Industrial Indemnity Co. v. Niebling

844 F. Supp. 1374, 1994 U.S. Dist. LEXIS 2938, 1994 WL 73877
CourtDistrict Court, D. Arizona
DecidedMarch 8, 1994
DocketCIV 92-1846 PHX EHC
StatusPublished
Cited by1 cases

This text of 844 F. Supp. 1374 (Industrial Indemnity Co. v. Niebling) is published on Counsel Stack Legal Research, covering District Court, D. Arizona primary law. Counsel Stack provides free access to over 12 million legal documents including statutes, case law, regulations, and constitutions.

Bluebook
Industrial Indemnity Co. v. Niebling, 844 F. Supp. 1374, 1994 U.S. Dist. LEXIS 2938, 1994 WL 73877 (D. Ariz. 1994).

Opinion

ORDER DENYING SUMMARY JUDGMENT

CARROLL, District Judge.

I. Background

The Complaint in this matter alleges that in 1985, defendants Andre and Helen Nie-bling subscribed to purchase interests in the Hotel Pontchartrain Limited Partnership. Pursuant to that purchase, the Nieblings executed two promissory notes payable to the partnership in deferred capital contribution payments. The Notes were subsequently assigned to LaSalle National Bank as trustee for Credit Lyonnais. The complaint further alleges that plaintiff Industrial Indemnity and the Nieblings entered two Investor Reimbursement Agreements, pursuant to which Industrial Indemnity agreed to issue a Surety Bond to the holder of the Notes. Under paragraph 3 of the Agreements, the defendants agreed to reimburse plaintiff for any payments made by Industrial Indemnity under the Bond.

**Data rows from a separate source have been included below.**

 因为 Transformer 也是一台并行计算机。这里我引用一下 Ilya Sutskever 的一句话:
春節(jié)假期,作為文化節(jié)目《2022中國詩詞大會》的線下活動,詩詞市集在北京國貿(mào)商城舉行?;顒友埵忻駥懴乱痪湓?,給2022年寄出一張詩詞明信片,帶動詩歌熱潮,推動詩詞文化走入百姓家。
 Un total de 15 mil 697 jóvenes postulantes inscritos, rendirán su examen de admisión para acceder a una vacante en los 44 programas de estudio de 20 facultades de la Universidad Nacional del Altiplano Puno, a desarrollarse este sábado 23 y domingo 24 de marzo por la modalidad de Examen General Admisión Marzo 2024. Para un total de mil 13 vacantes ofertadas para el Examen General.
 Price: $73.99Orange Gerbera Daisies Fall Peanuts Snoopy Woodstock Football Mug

The Complaint further alleges that after defendants failed to make their deferred capital contribution payments, plaintiff made the payments pursuant to the Surety Bond. Defendants subsequently failed to reimburse Industrial Indemnity for those payments. Plaintiffs breach of contract claim seeks to recover those payments as well as interest and costs.

Defendants filed an Answer, stating that they answered the Complaint and

... each and every allegation contained therein by asserting their privilege against self-incrimination under the Fifth Amendment to the United States Constitution and under the Arizona Constitution.

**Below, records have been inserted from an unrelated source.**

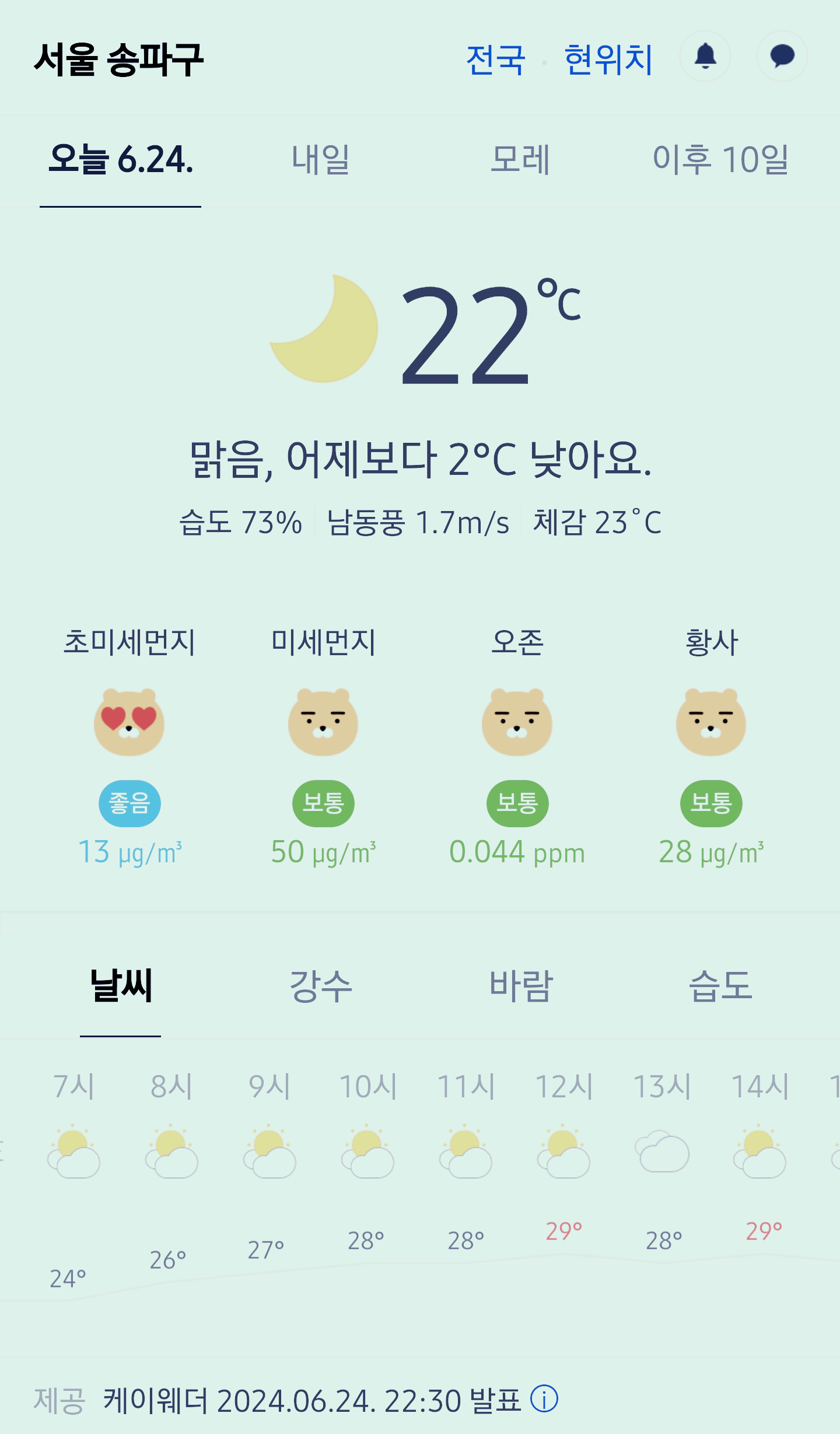 서울 강남 송파구 오늘의 날씨 2024년 6월 24일 (22시 30분 현재)
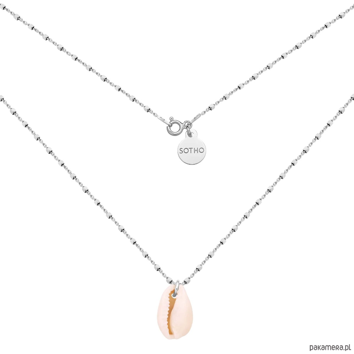 Srebrny naszyjnik kosteczkowy zdobiony muszelką i zawieszką z logo marki. Całość wykonana ze srebra 925.
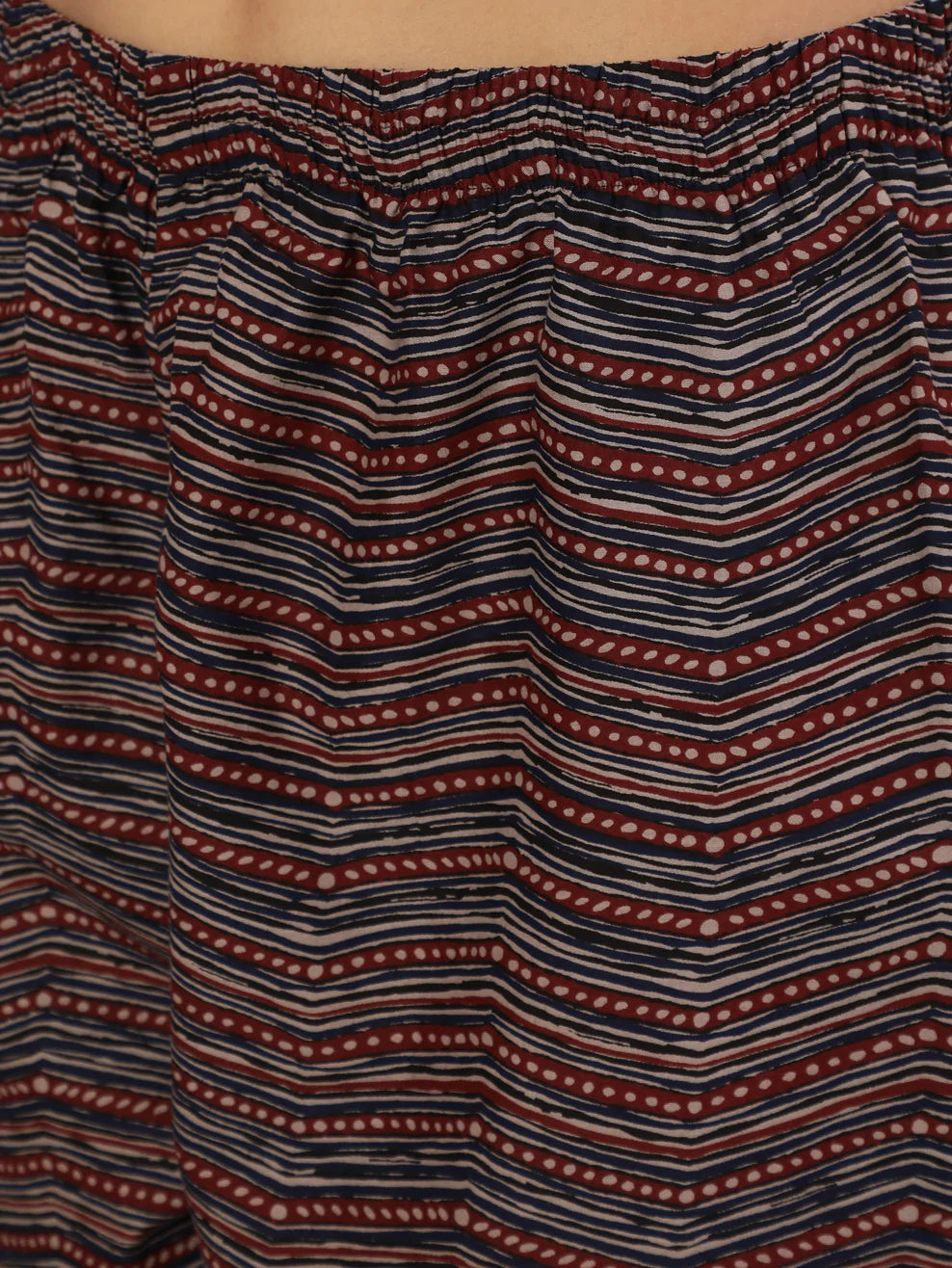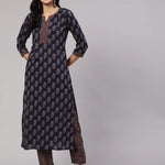 Navy Blue Ethnic Printed Straight Kurta With Trouser
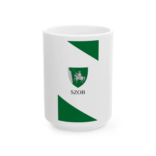 Flag of Szob reverse (Hungary) White Coffee Mug
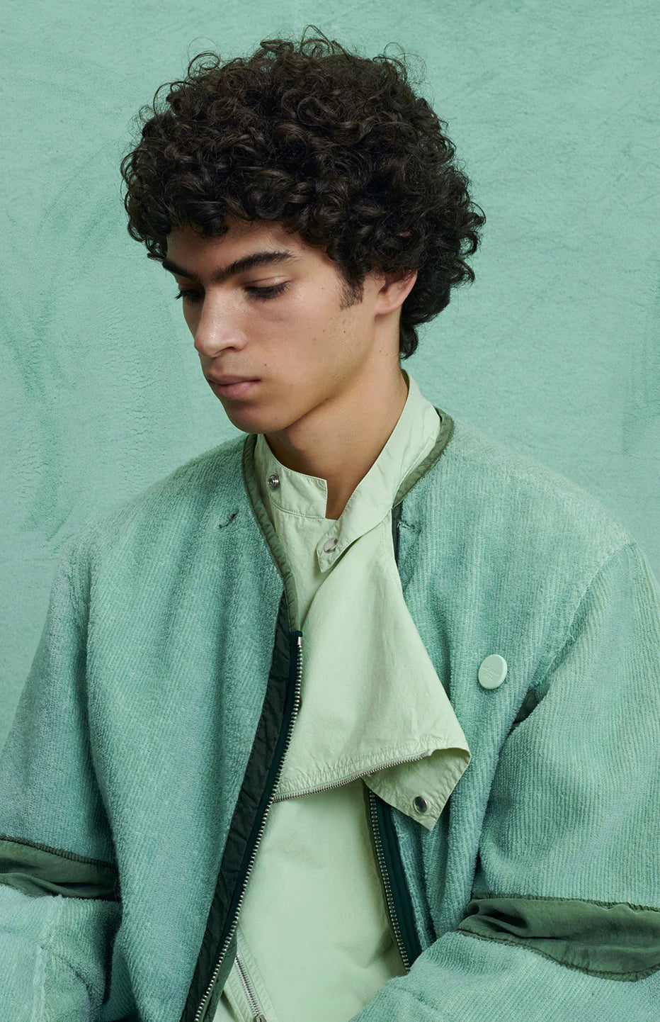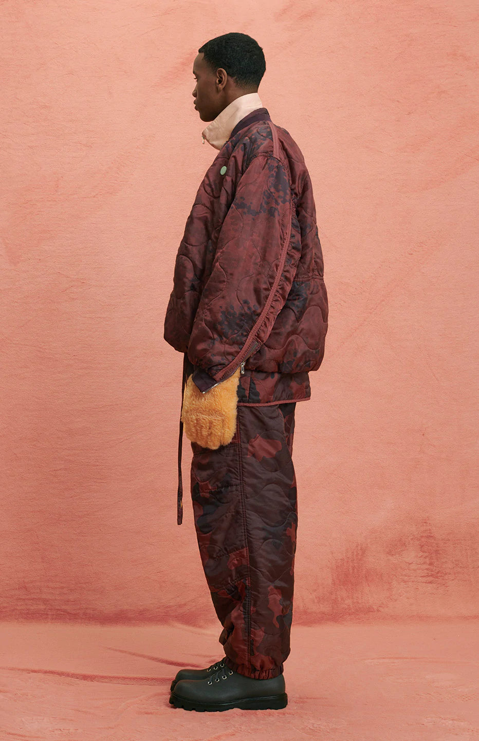 The second season of OAMC Re:Work amplifies the artisanal approach through dye, detail, and shape. There are no standardized patterns as each garment needs to be custom fit and adjusted in accordance to the shape of the original vintage piece. Ready-made items are taken apart, refitted, adjusted, constructed, and overdyed. The exploration of military field jacket liners has a strong presence; lined with wool and overdyed. New garment shapes are created using vintage military blankets printed with camouflage motifs, also overdyed. Wool liners are overdyed and re-shaped, and vintage Swiss military shirts and trousers are re-shaped and overdyed to create relevant forms.

Answer ¶¶ 1-2 (dkt. # 4). Subsequently, the plaintiff filed a Motion for Summary Judgment, arguing that because the defendants had not denied any of the allegations of the Complaint, the Court should deem the allegations to be admitted, pursuant to Fed. R.Civ.P. 8(d). Accordingly, Plaintiff argued, Defendants had raised no genuine issues of *1376 fact and summary judgment in Plaintiffs favor was appropriate. Motion at 5 (dkt. # 5).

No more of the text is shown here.